As for cats, my intense dislike for them has always been because of two reasons. The smell. And the hair. It’s that OCD part of me.
So when the Wood family moved out into the country in 2007 and discussion about pets was held among its members, I began to get a real uneasy feeling growing deep inside me.
The clan had valid reasons. A cat could take care of the mice (which I hate even more than cats but not quite as much as opossums — but that’s a whole other story) and a dog would help protect the home. Still, I wasn’t ready to jump on their bandwagon.
But, one day, unbeknownst to me, they brought home a dog, one that some friends had given to them for free.
And so we welcomed Nishnabotna (Nishna for short, named after the river because I like how it sounds) into our family. And I became a pet owner. An outdoor pet owner.
Nishna started making his personality known right away. Tearing up this and chewing on that. He did it all so playfully, though, and his big dark eyes always got the better of me.

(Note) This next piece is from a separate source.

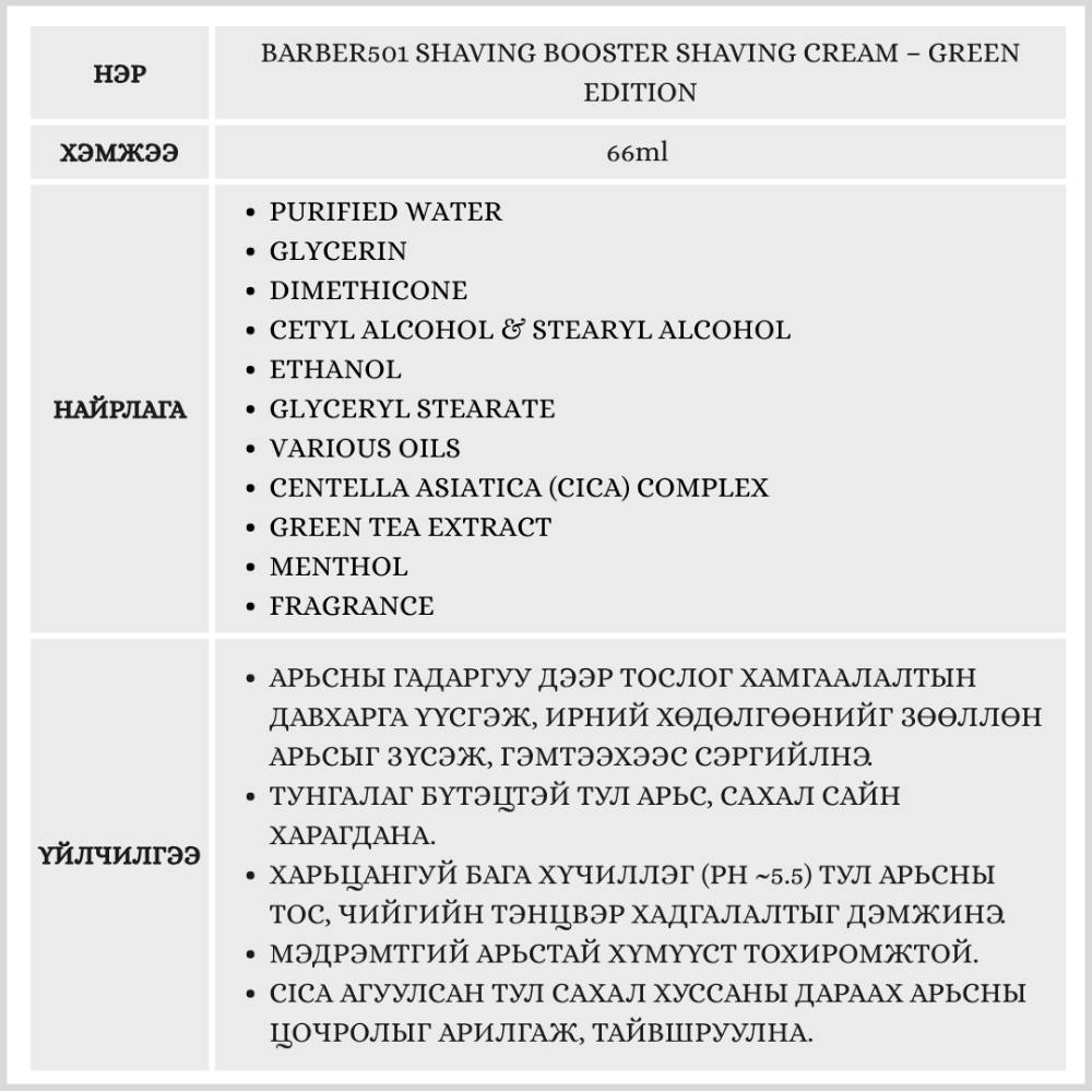 BARBER501 Shaving Booster Shaving Cream – Green edition, 66ml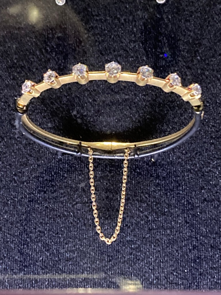 1) An early Tiffany & Co 18kt Yellow Gold Bangle Bracelet set with 7 Round Cut Diamonds

He destroyed the screen on our back porch, ripping it to shreds. He also demolished numerous shoes, one of Hunter’s jackets, a baseball glove, a couple of packages left by the UPS guy, his water and food bowls and a CD case and the CDs inside. He’s gnawed on our backyard swing, the boards on the porch and door, scattered trash mistakenly left out and dug up numerous holes in our yard trying to get at various critters… Just being a typical playful little puppy.
Through it all, though, I found myself still loving him more than I ever thought I would or could. And he and I have a unique relationship. I generally don’t touch him or pet him, although I can’t say that I haven’t ever. I know, that sounds really weird, but remember, OCD. I love to play fetch with him, with frisbees and tennis balls. And I also love to crouch down at our patio door, look through the glass at him and talk to him. He sometimes licks the window, which I believe is his way of showing me he understands how much I care about him.
And then there’s Cucha, the cat I killed.
About a month after Larry and the kids brought Nishna home, they surprised me with another pet.
I wasn’t nearly as happy with this pet. After all, it was a cat and I hate cats. They stink, they shed hair, they hiss, they scratch, they get under your feet, and they are, well, catty. Like girls in junior high. Ugh!
Now I’ll admit that Cucha (which is Chilean slang for cat) was tiny and cute, with her black coat and white paws. She and Nishna, who was a still a puppy back then, were playful together, although sometimes I felt he was too rough with her and I was afraid he might get a little too excited and accidentally kill her.
But in the end, I did that.
It had been just a couple of months since she had joined our family. I was outside, getting something out of the car, and Nishna started jumping inside. So while I was trying to get him down with my left hand, I slammed the door shut with my right. And as soon as I let go of the door, I saw a black and white streak out of the corner of my eye heading into the car.
I tried to catch the door. But it was too late.
Curiosity — with a little help from me — killed our cat.
We eventually got another kitten from the same mother, but I mourned her for a long time.
It’s a little difficult for me to admit that our pets have changed me, but they have. I find myself always looking carefully before slamming car doors shut and I’m trying to slow down when I pop up over hills on country roads.
But it’s even more than that.
Anatole France once said, “Until one has loved an animal, a part of one’s soul remains unawakened.”
I feel like I’ve finally started to awaken.